Antes, esto era uno de esos lugares que -como dice Pérez Andújar en su última novela- arropaban a la ciudad "como un visón de cemento". Lejos del centro, esta calle se prestaba a la pequeña picaresca. Como las multas eran distintas según la acera, los conductores atropellaban sus vehículos en el lado de L'Hospitalet, donde era más barato aparcar mal. Total, nada parecía interrumpir la modorra de los patios, adornados con macetas y jaulas de canario flauta, último reducto de cuando esto eran huertos y el torrente algo físico que había que cruzar por puentecitos, pues tenía tendencia a desbordarse.

El nombre de la Riera Blanca mantiene el recuerdo de unas aguas que, al llegar aquí, habían pasado por los lechosos depósitos de caolín de Collserola. Aunque, con la instalación de las primeras fábricas de indianas, su curso fue perdiendo caudal, hasta ser soterrado bajo el asfalto. Pero no siempre fue así. En época medieval, fue la frontera entre Santa Maria dels Sants y la vecina Santa Eulàlia de Provençana, que -junto con el Hospital de la Torre Blanca- formaría el futuro Hospitalet de Llobregat. Y aún se añadiría un tercer municipio en discordia, al trazar, en su parte alta, la demarcación entre Sants y el barrio de Les Corts de Sarrià.

La historia cuenta que estos campos fueron mudos testigos de los sucesivos ejércitos que pusieron sitio a Barcelona. Tropas francesas y castellanas ocuparon los andurriales durante las guerras de los Segadors, en el asedio de 1714 y en las guerras napoleónicas. Después, en el siglo XIX, se instalaron fábricas textiles y de ladrillos, como la famosa bòbila de Cal Cosme -que coció los azulejos de las primeras estaciones de metro-, situada a pocos pasos de los burots -en la esquina con la calle de Bassegoda-, una especie de policía de aduanas que se hizo tristemente célebre durante la posguerra, cuando unas manzanas o una barra de pan podían significar la diferencia entre la felicidad y el hambre.

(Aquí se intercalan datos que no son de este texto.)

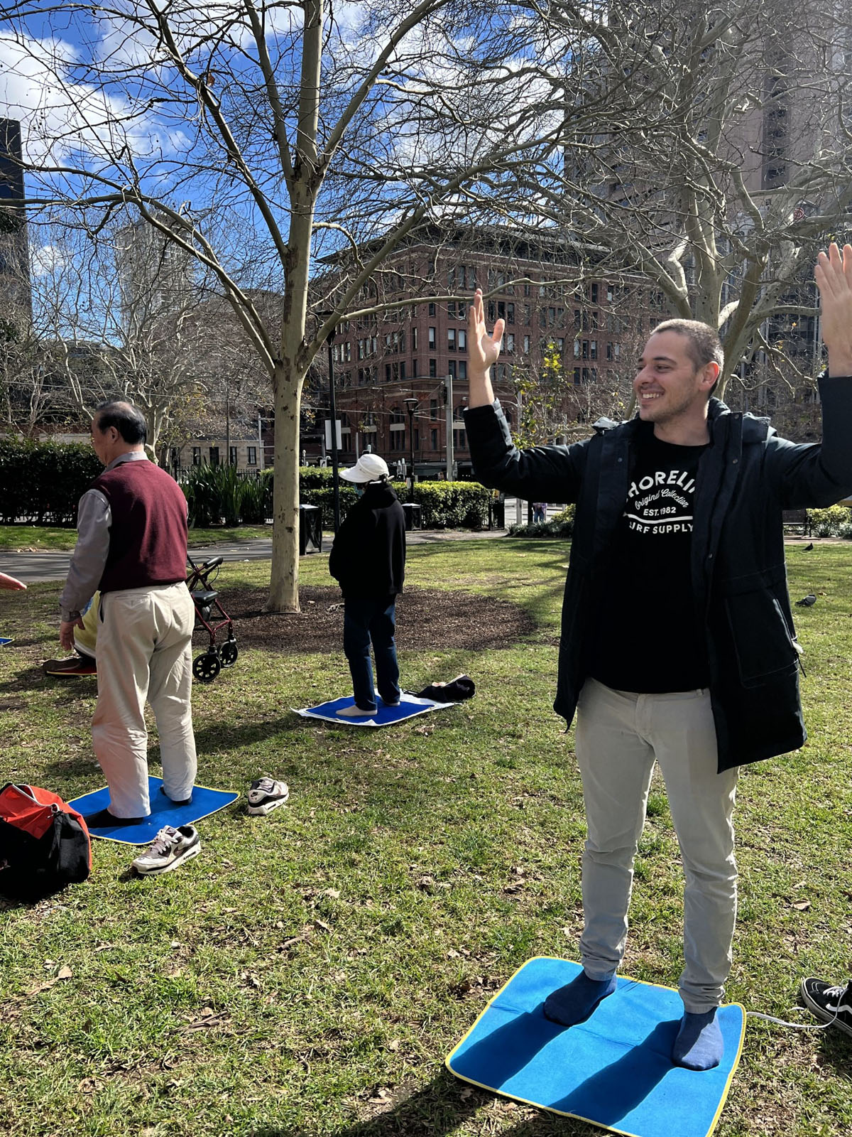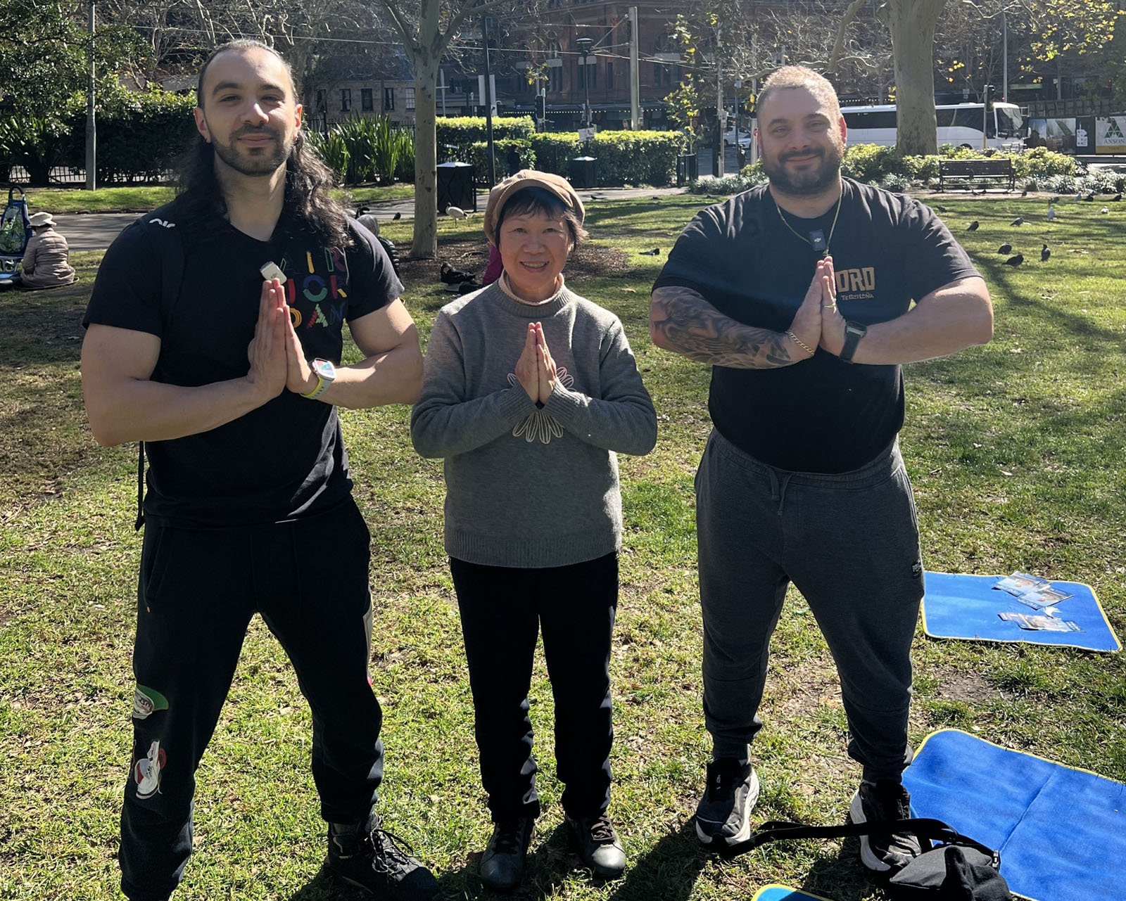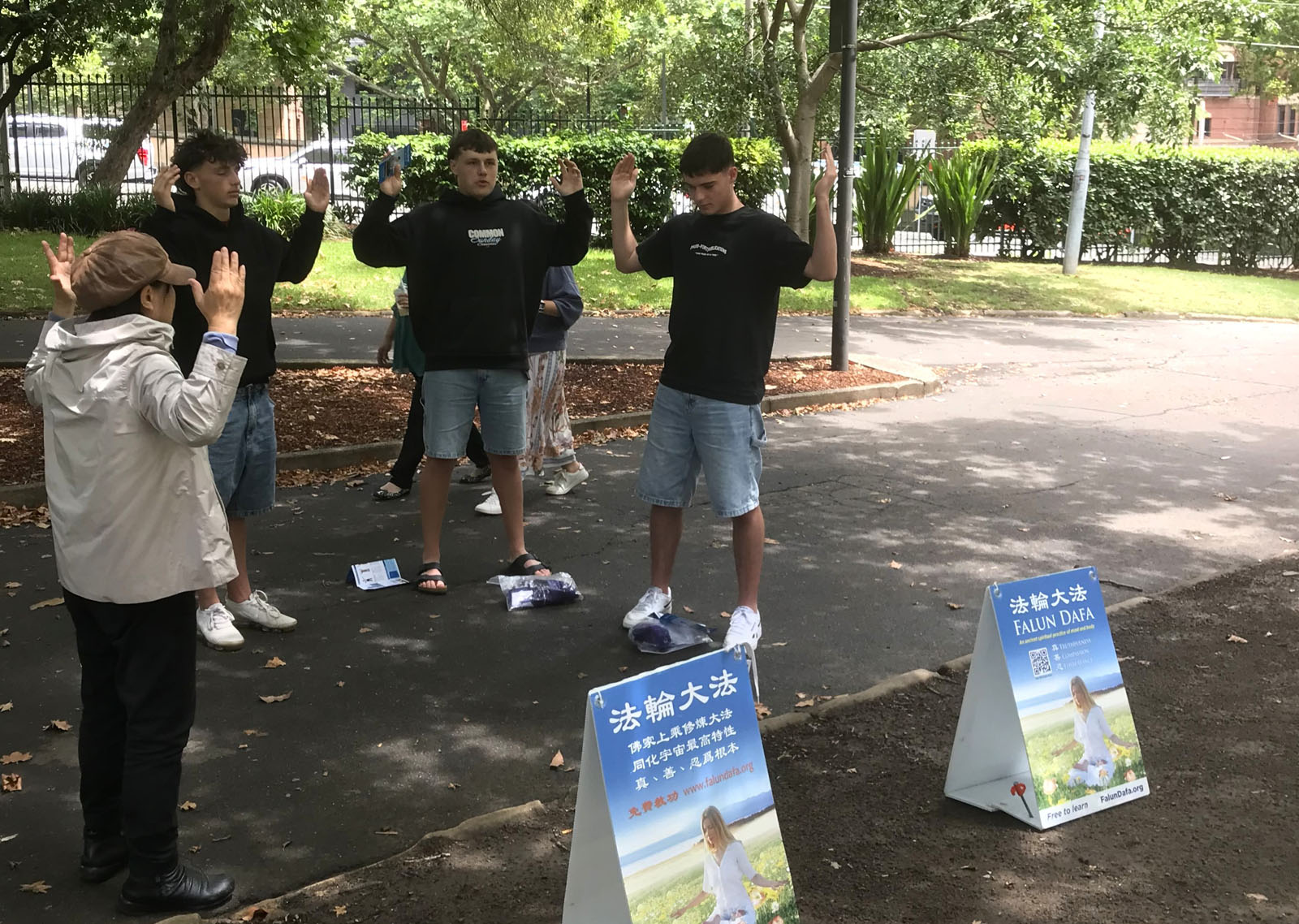 在悉尼冬天一个阳光灿烂的日子,有两位年轻的社交媒体制作人克里斯(Chris Savva)和马可(Marco Vitale)加入了法轮功学员的炼功行列。当学员询问这两位男士为什么来公园炼功时,他们说:“我们是从墨尔本来悉尼观看一个戏剧演出的,要去预定酒店。路过公园时,看到法轮功学员在炼功,场面看起来很平静祥和。而且看到你们给的传单上说炼法轮功可以增强体力。因为我早上的时候常常会感到疲倦,所以我们很有兴趣来体验一下。”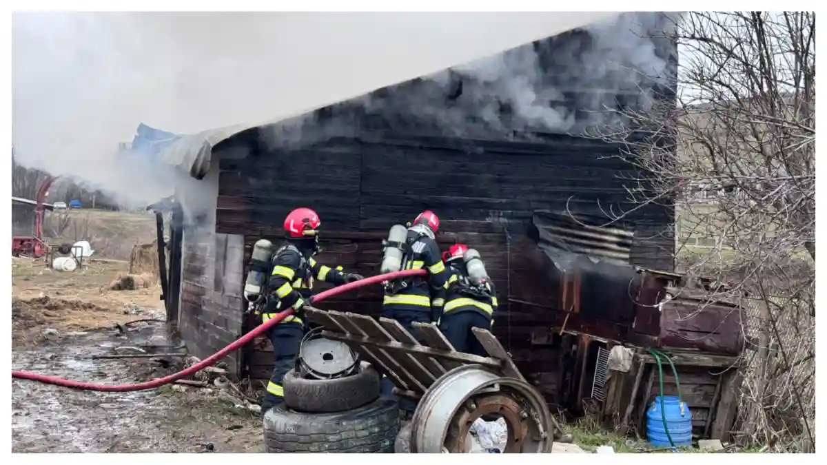 Din informațiile preliminare, este vorba despre un incendiu izbucnit la o anexă gospodărească.

En aquellos años, también fue la frontera mental entre Sants y La Torrassa, dos barrios de estricta ortodoxia anarcosindicalista, aunque separados por el idioma; sobre todo en los agitados años de la II República, cuando se colocó un cartel en la Riera que rezaba: "Cataluña termina aquí. Aquí empieza Murcia". Como siempre, nuevas oleadas de inmigrantes -esta vez andaluces- vinieron a diluir las diferencias, aunque nunca desapareció esa sensación de línea divisoria. Yo vivía en Sants y estudiaba en La Torrassa. Ser niño en un sitio con el colegio en el otro: minoría siempre. En una escuela abarrotada de hijos de emigrantes, éramos "los catalanes". Pero al volver a casa, descendientes de antiguos éxodos, seguíamos siendo "los murcianos". Asocio los años infantiles a la calle de Ventura Plaja -nombre que alude a un diputado provincial decimonónico- y su bar de la esquina, famoso por los futbolines; al barrio gitano de chabolas, junto al cine Continental, que olía a pipas y cacahuetes con cáscara; a las lagartijas que campaban a sus anchas en lo que hoy en día son los alrededores del Camp Nou. Paisajes que van a desaparecer, tragados por la alta velocidad y por una metrópoli cuyas fronteras cada día están más lejos.